§ **MATERIAL PROVIDED**:
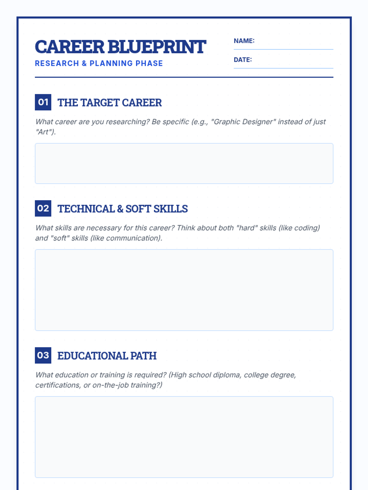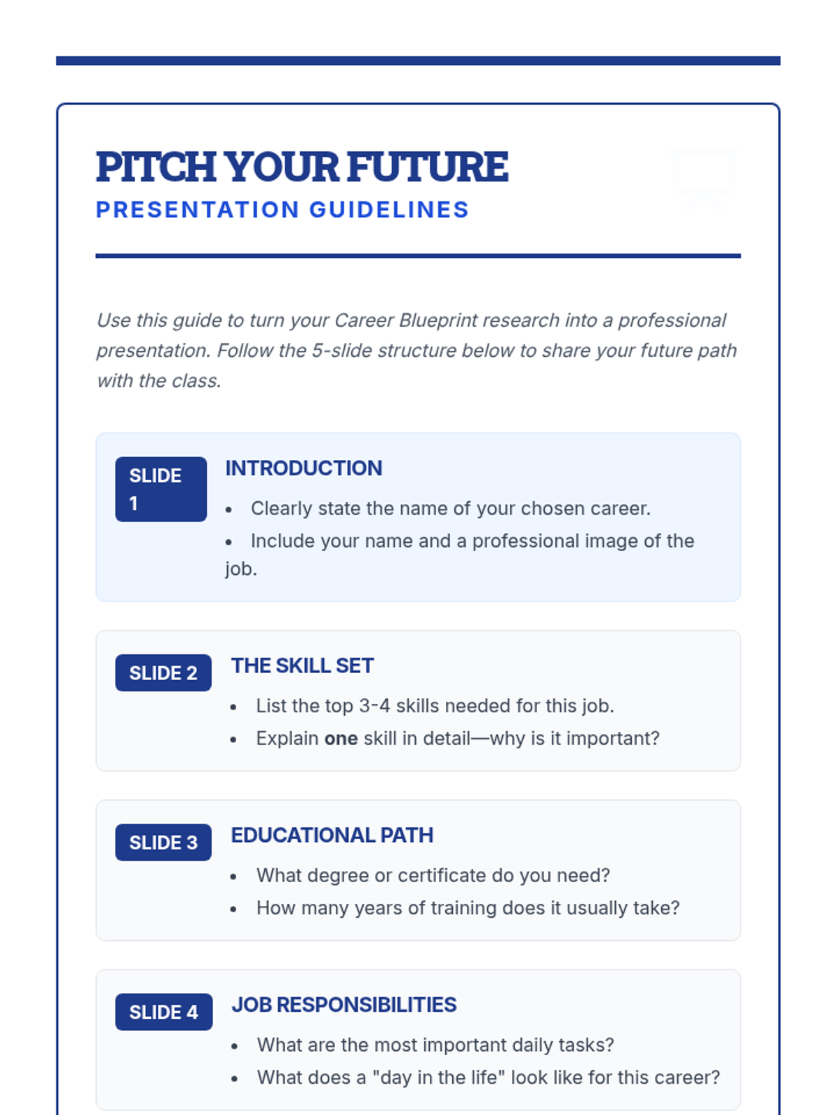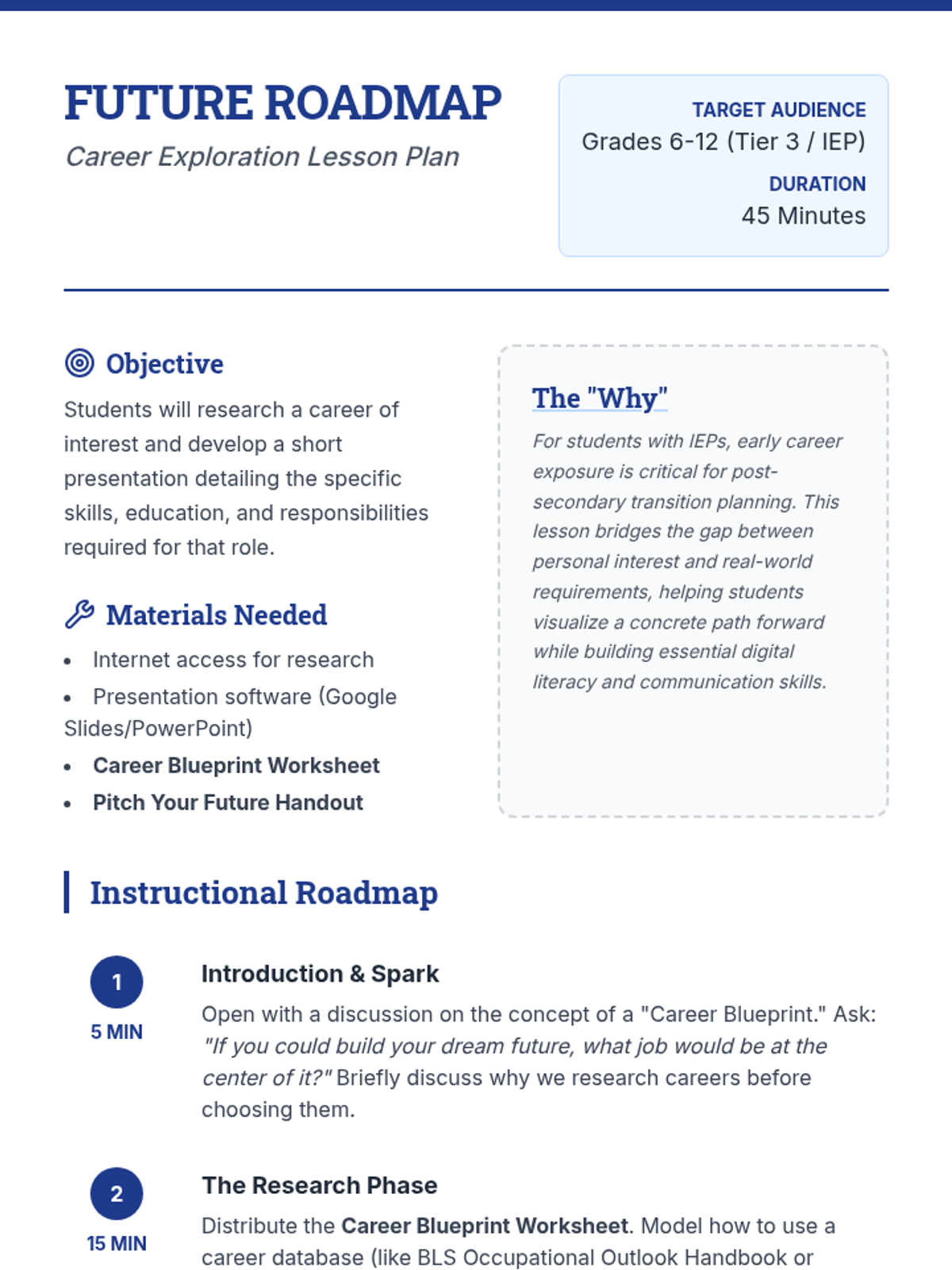 A specialized career exploration lesson designed for students with IEPs (Grades 6-12), focusing on researching profession requirements and developing presentation skills through a 'Career Blueprint' framework.
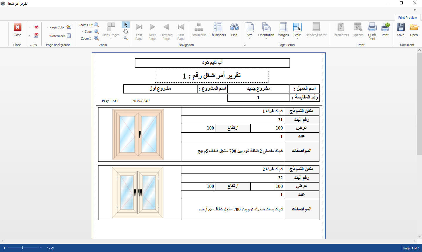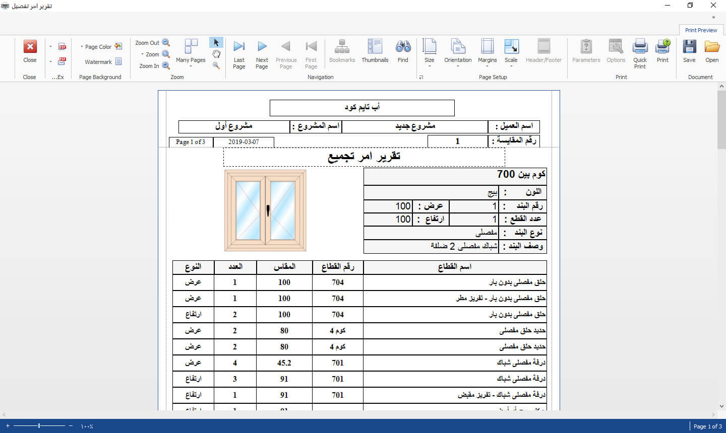 تقرير تجميع تفصيلي بالمقاسات (قطاعات - حديد - زجاج) | ||
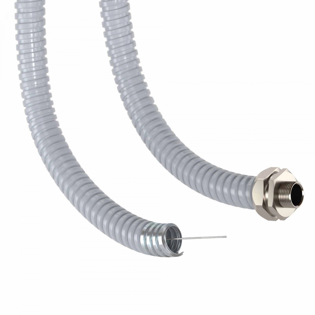 Металлорукав DN 20мм в герметичной ПВХ изоляции, Dвн 20,5 мм, Dнар 25,5, с протяжкой, 50 м, цвет серый
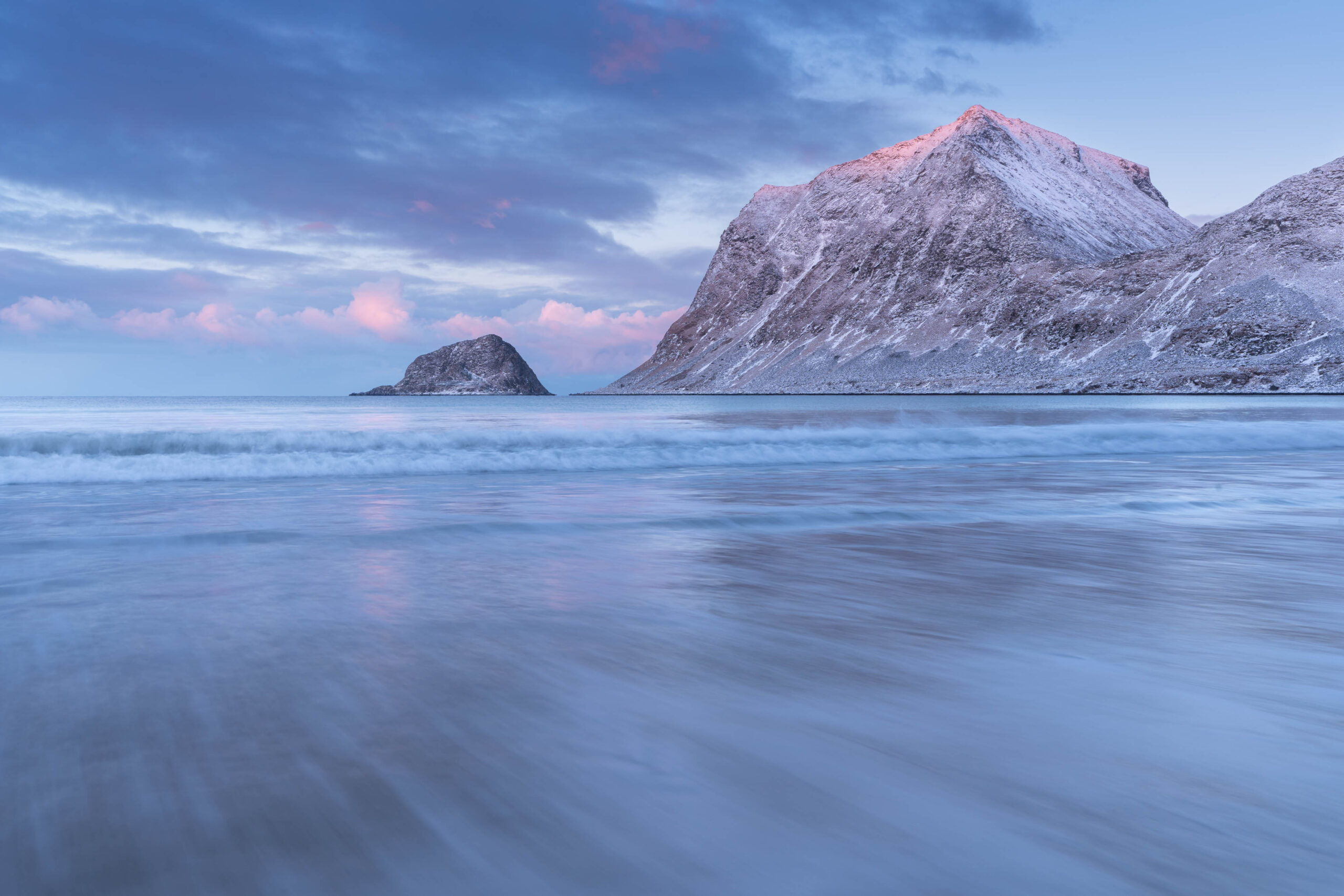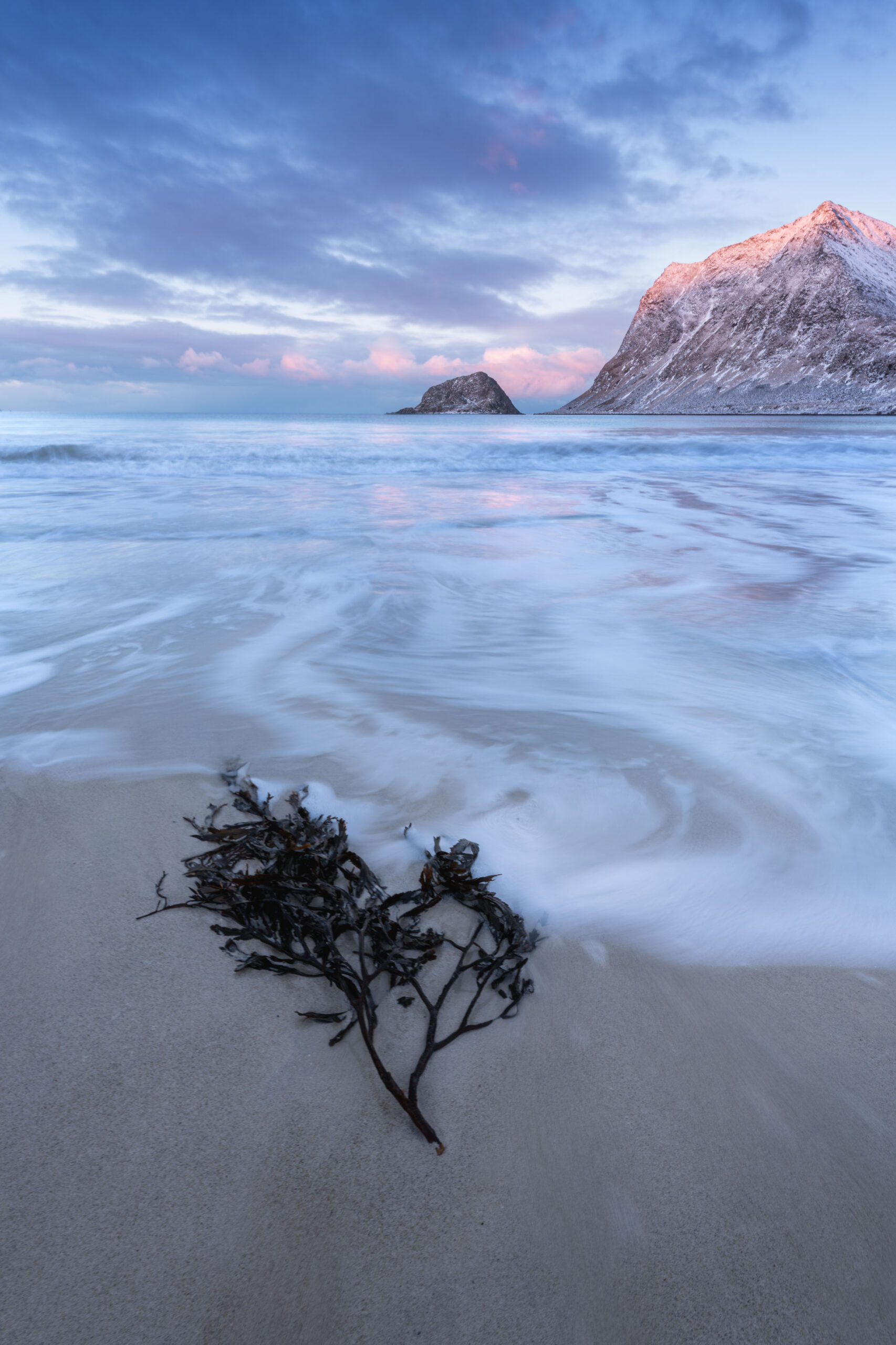 Dann war ich da. Jens stand schon parat und nahm uns mit zur Unterkunft. Die erste Nacht schlief ich durch und jetzt stehe ich bei minus 5°C am berühmtesten Strand der Lofoten — Haukland. Aber da ist ja nur Sand und ein Berg im Hintergrund. Was soll man da nur fotografieren!?

§ **TASK ITEM**: Please restate the lines above exactly, starting at the first line of the data and stopping at the line containing "Металлорукав DN 20мм", which is included. Omit pictures.

§ **RESPONSE TO THIS TASK**:
 A specialized career exploration lesson designed for students with IEPs (Grades 6-12), focusing on researching profession requirements and developing presentation skills through a 'Career Blueprint' framework.
 تقرير تجميع تفصيلي بالمقاسات (قطاعات - حديد - زجاج) | ||
 Металлорукав DN 20мм в герметичной ПВХ изоляции, Dвн 20,5 мм, Dнар 25,5, с протяжкой, 50 м, цвет серый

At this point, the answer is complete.